Soal RUU Kejaksaan, Begini Saran Eks Pimpinan KPK
JAKARTA – Mantan Wakil Ketua KPK, Zulkarnain ikut menyoroti Revisi Undang-Undang Kejaksaan Nomor 16 Tahun 2004, khususnya terkait kewenangan penyelidikan dan penyidikan. Menurut dia, dulu jaksa diberikan wewenang penyidikan tapi tidak dijalankan secara baik dan maksimal.
Dalam Pasal 1 Ayat (1) RUU Kejaksaan disebutkan bahwa jaksa adalah pejabat yang diberi wewenang oleh UU untuk bertindak dalam fungsi penyelidikan dan penyidikan, penuntutan, pelaksana putusan pengadilan, pemberian jasa hukum, penyelesaian sengketa di luar pengadilan, dan pengacara negara serta wewenang lain berdasarkan undang-undang.
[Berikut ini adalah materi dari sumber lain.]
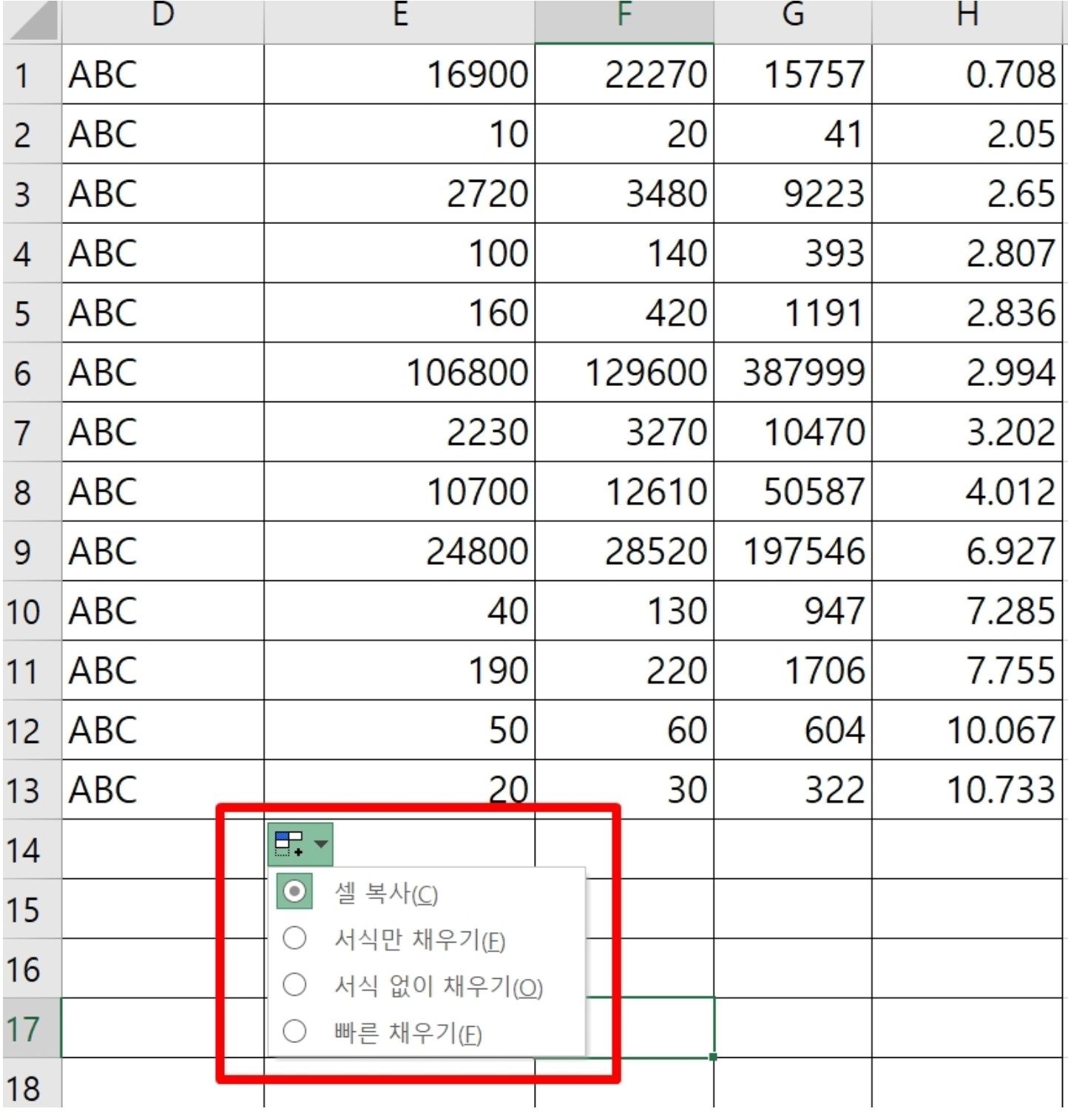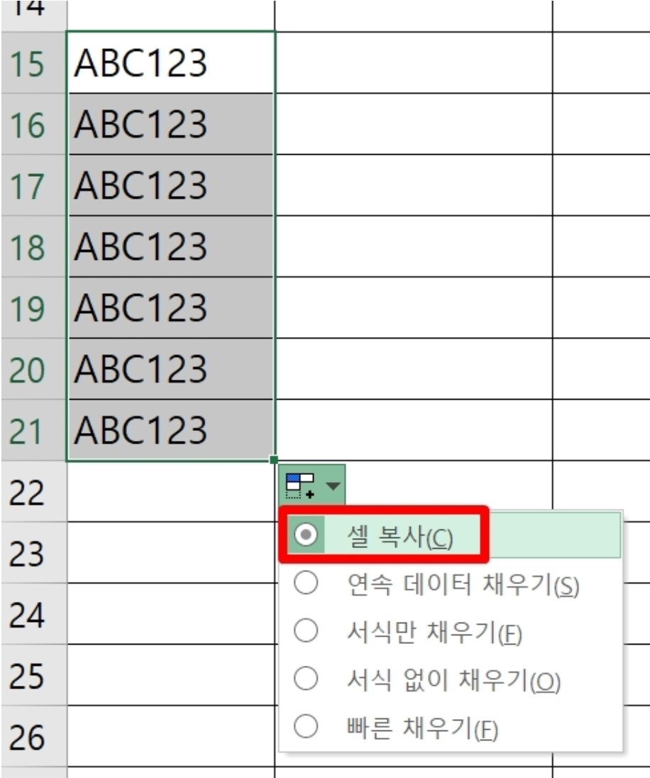 숫자 그대로 복사하는 방법2. 자동채우기 옵션에서 셀복사 이용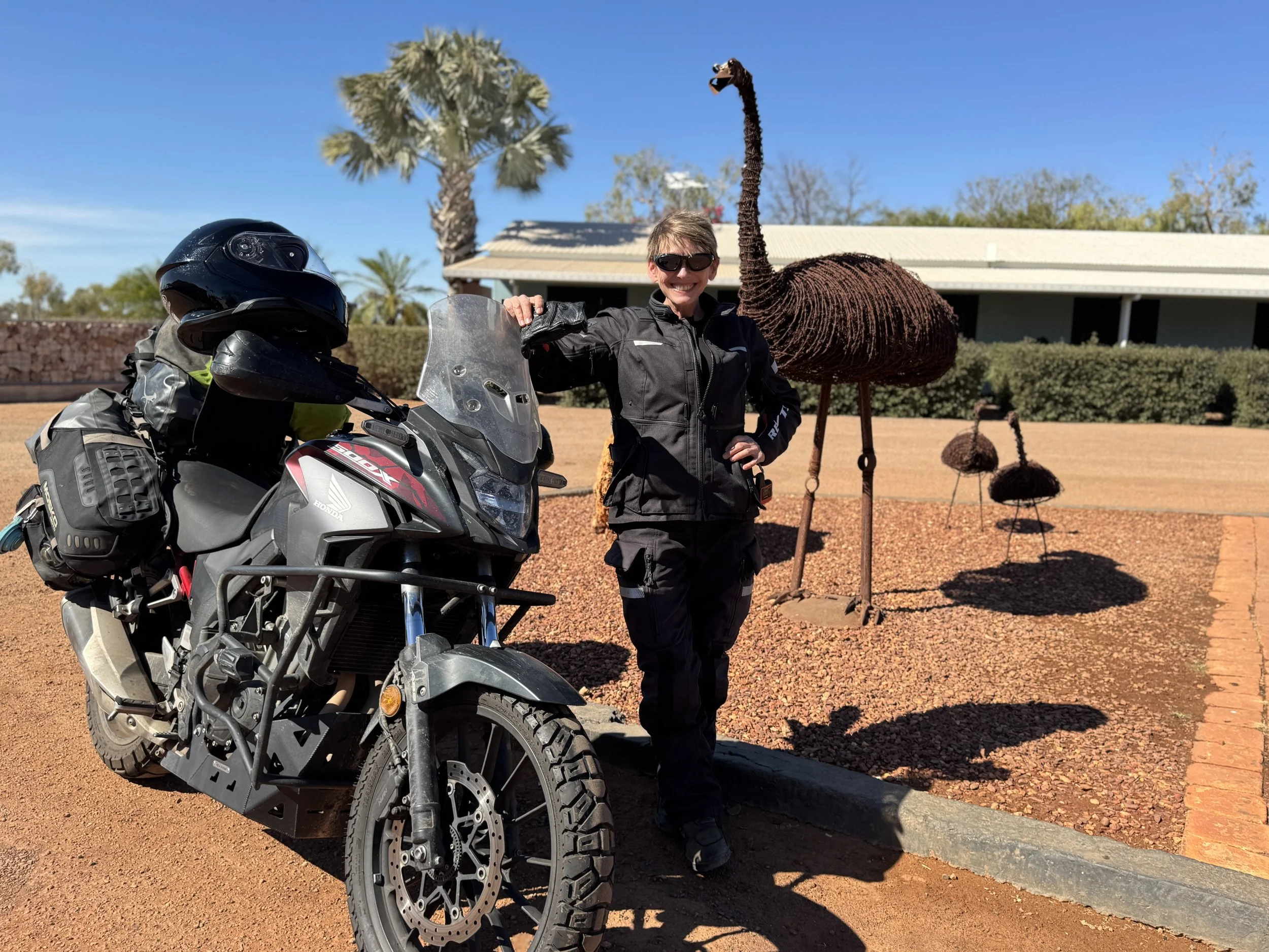 The homestead itself was more like a retreat in the desert than a roadhouse, complete with beautiful flowering trees, inviting benches on a large front porch, red-tailed black pet cockatoos, and decorative statues. I posed with Adventure Baby next to a metal sculpture of a large emu with two chicks in tow, hoping that would be the closest my bike would get to one on this trip, given my earlier near miss.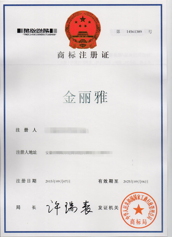 第29类“金丽雅”商标注册证

Ia mengatakan, waktu zaman KUHAP masa kolonial Belanda yakni HIR (Herzien Inlandsch Reglement), itu memang jaksa diberikan kewenangan penyidikan semua tindak pidana umum dan polisi sebagai pembantu penyidik jaksa.
“Tapi kan tidak dikerjakan secara baik dan optimal, sehingga muncullah KUHAP dan integritas bermasalah,” kata Zulkarnain kepada wartawan, Sabtu, 3 Oktober 2020.
Karena, kata dia, kewenangan besar kalau profesionalitasnya kurang dan integritas rendah, maka hal itu tidak ada artinya. Justru, dikhawatirkan malah menimbulkan resiko yang tinggi. “Sebetulnya kewenangan dibuat banyak tapi tidak dilaksanakan secara baik,” ujarnya.
Oleh karena itu, Zulkarnain menyarankan kalau memang belum ada kepentingan mendesak sebaiknya cukup memakai aturan yang ada. Sebab, masih ada yang lebih penting harusnya dibahas yakni soal aturan perampasan aset pelaku korupsi, atau UU Pemberantasan Tipikor yang ada direvisi.
“Saran saya, kalau belum penting-penting amat ya cukup yang lama. Ada yang penting sekarang, kalau negara ini mau cepat bebas dari korupsi ya lebih penting UU Perampasan Aset. Itu sangat penting sekali untuk merampas harta pelaku koruptor. Jadi arah politik hukumnya secara umum kurang pas. Ada yang lebih penting tapi tidak dikerjakan,” jelas dia.
Khusus perkara tindak pidana korupsi, Zulkarnain menyebut bahwa jaksa memang diberikan wewenang untuk melakukan penyidikan include dengan penyelidikan termasuk kepolisian dan Komisi Pemberantasan Korupsi (KPK).
“Kalau KPK kan khusus untuk pemberantan tipikor yang extraordinary dalam batas-batas perkara yang besar, termasuk tipikor yang dilakukan oleh aparat penegak hukum sendiri. Selain itu, Polri dan jaksa kan berwenang juga menyidik tipikor. Malah dia sebetulnya tidak dibatasi mau besar atau kecil,” tandasnya.